* _WORK TO COMPLETE_:
Without changing a word, repeat the data, and include no pictures.

* _DATA_:
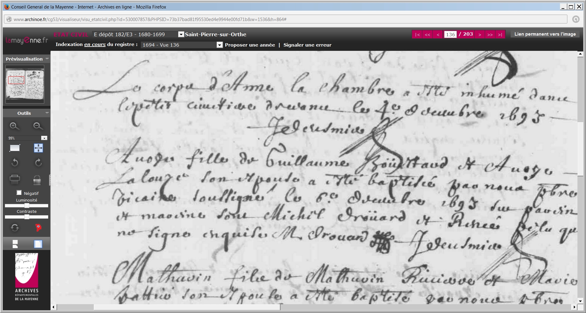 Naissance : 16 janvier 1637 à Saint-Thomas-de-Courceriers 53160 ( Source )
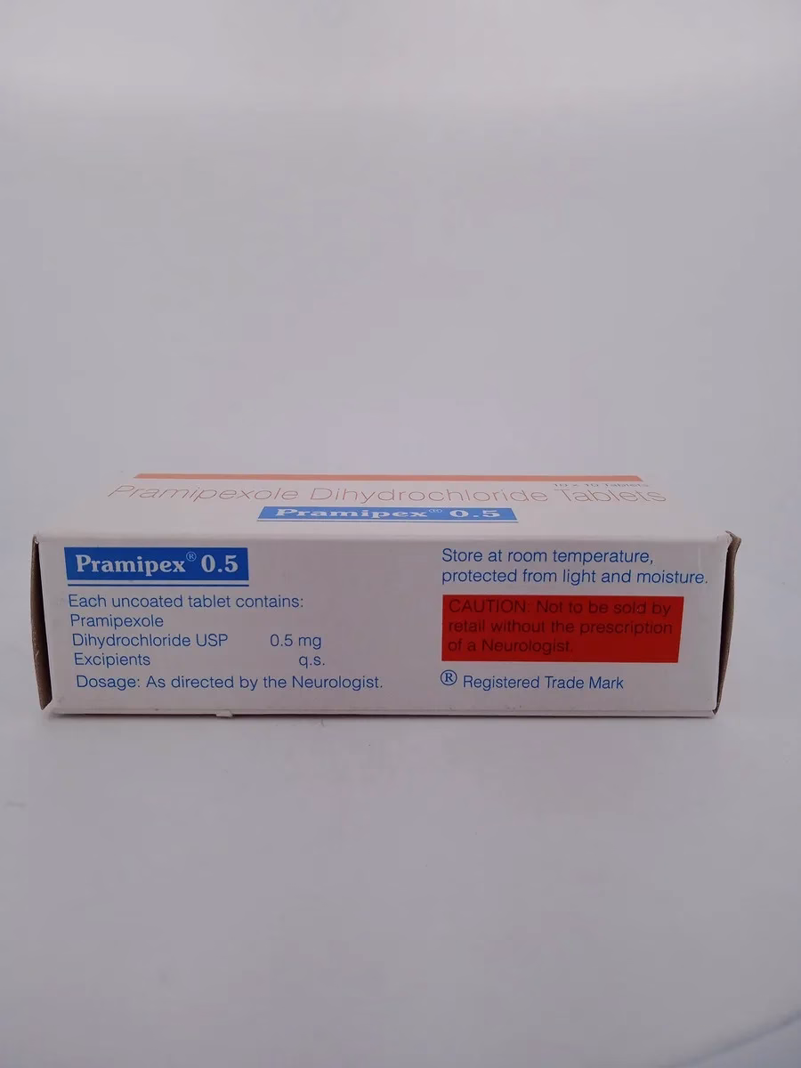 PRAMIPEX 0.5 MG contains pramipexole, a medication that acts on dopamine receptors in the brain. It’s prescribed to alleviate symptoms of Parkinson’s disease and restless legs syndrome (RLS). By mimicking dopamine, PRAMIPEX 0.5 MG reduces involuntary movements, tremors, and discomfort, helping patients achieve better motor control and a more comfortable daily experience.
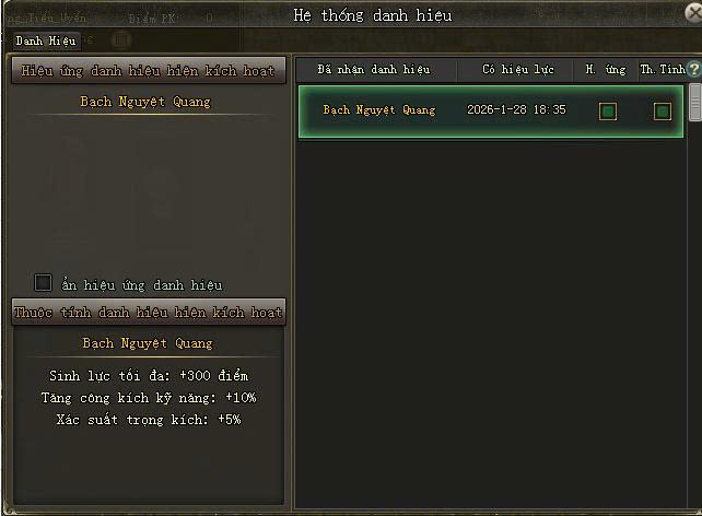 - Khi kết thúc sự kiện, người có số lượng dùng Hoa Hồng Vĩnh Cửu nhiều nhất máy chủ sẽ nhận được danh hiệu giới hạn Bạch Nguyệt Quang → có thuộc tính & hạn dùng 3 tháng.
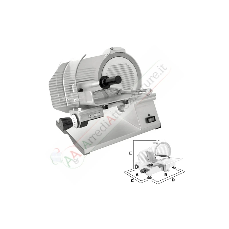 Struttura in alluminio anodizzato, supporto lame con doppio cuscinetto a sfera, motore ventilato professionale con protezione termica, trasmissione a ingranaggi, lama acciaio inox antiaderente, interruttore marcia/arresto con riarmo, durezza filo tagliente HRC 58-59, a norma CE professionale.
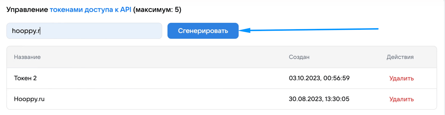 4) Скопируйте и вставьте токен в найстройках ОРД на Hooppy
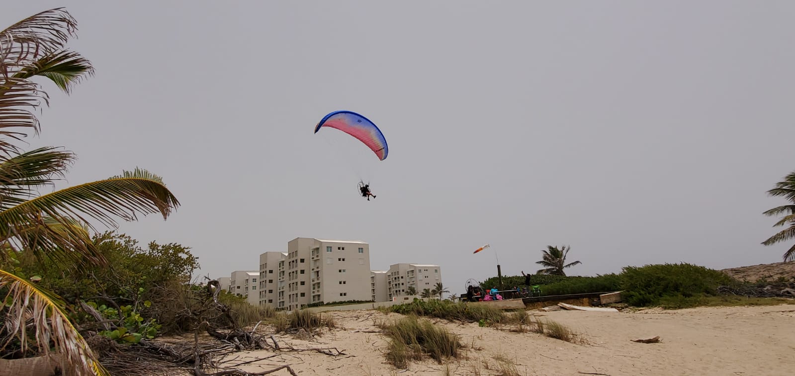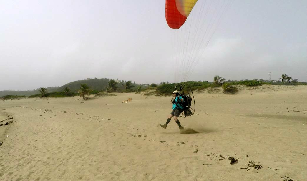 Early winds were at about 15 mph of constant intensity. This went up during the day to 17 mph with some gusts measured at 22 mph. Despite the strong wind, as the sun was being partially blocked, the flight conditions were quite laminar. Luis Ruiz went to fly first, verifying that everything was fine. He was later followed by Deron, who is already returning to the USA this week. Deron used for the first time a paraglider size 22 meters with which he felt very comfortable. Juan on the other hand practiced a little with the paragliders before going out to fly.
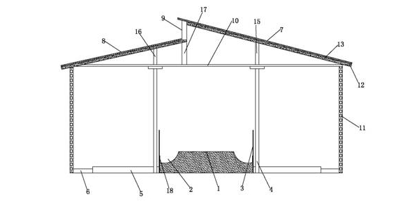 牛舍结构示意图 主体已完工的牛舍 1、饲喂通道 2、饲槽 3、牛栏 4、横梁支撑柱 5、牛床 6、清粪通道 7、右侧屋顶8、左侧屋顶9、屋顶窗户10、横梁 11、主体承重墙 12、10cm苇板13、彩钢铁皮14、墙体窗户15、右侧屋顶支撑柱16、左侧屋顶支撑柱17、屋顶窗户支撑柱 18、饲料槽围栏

* _EXERCISE OUTPUT_:
 Naissance : 16 janvier 1637 à Saint-Thomas-de-Courceriers 53160 ( Source )
 PRAMIPEX 0.5 MG contains pramipexole, a medication that acts on dopamine receptors in the brain. It’s prescribed to alleviate symptoms of Parkinson’s disease and restless legs syndrome (RLS). By mimicking dopamine, PRAMIPEX 0.5 MG reduces involuntary movements, tremors, and discomfort, helping patients achieve better motor control and a more comfortable daily experience.
 - Khi kết thúc sự kiện, người có số lượng dùng Hoa Hồng Vĩnh Cửu nhiều nhất máy chủ sẽ nhận được danh hiệu giới hạn Bạch Nguyệt Quang → có thuộc tính & hạn dùng 3 tháng.
 Struttura in alluminio anodizzato, supporto lame con doppio cuscinetto a sfera, motore ventilato professionale con protezione termica, trasmissione a ingranaggi, lama acciaio inox antiaderente, interruttore marcia/arresto con riarmo, durezza filo tagliente HRC 58-59, a norma CE professionale.
 4) Скопируйте и вставьте токен в найстройках ОРД на Hooppy
 Early winds were at about 15 mph of constant intensity. This went up during the day to 17 mph with some gusts measured at 22 mph. Despite the strong wind, as the sun was being partially blocked, the flight conditions were quite laminar. Luis Ruiz went to fly first, verifying that everything was fine. He was later followed by Deron, who is already returning to the USA this week. Deron used for the first time a paraglider size 22 meters with which he felt very comfortable. Juan on the other hand practiced a little with the paragliders before going out to fly.
 牛舍结构示意图 主体已完工的牛舍 1、饲喂通道 2、饲槽 3、牛栏 4、横梁支撑柱 5、牛床 6、清粪通道 7、右侧屋顶8、左侧屋顶9、屋顶窗户10、横梁 11、主体承重墙 12、10cm苇板13、彩钢铁皮14、墙体窗户15、右侧屋顶支撑柱16、左侧屋顶支撑柱17、屋顶窗户支撑柱 18、饲料槽围栏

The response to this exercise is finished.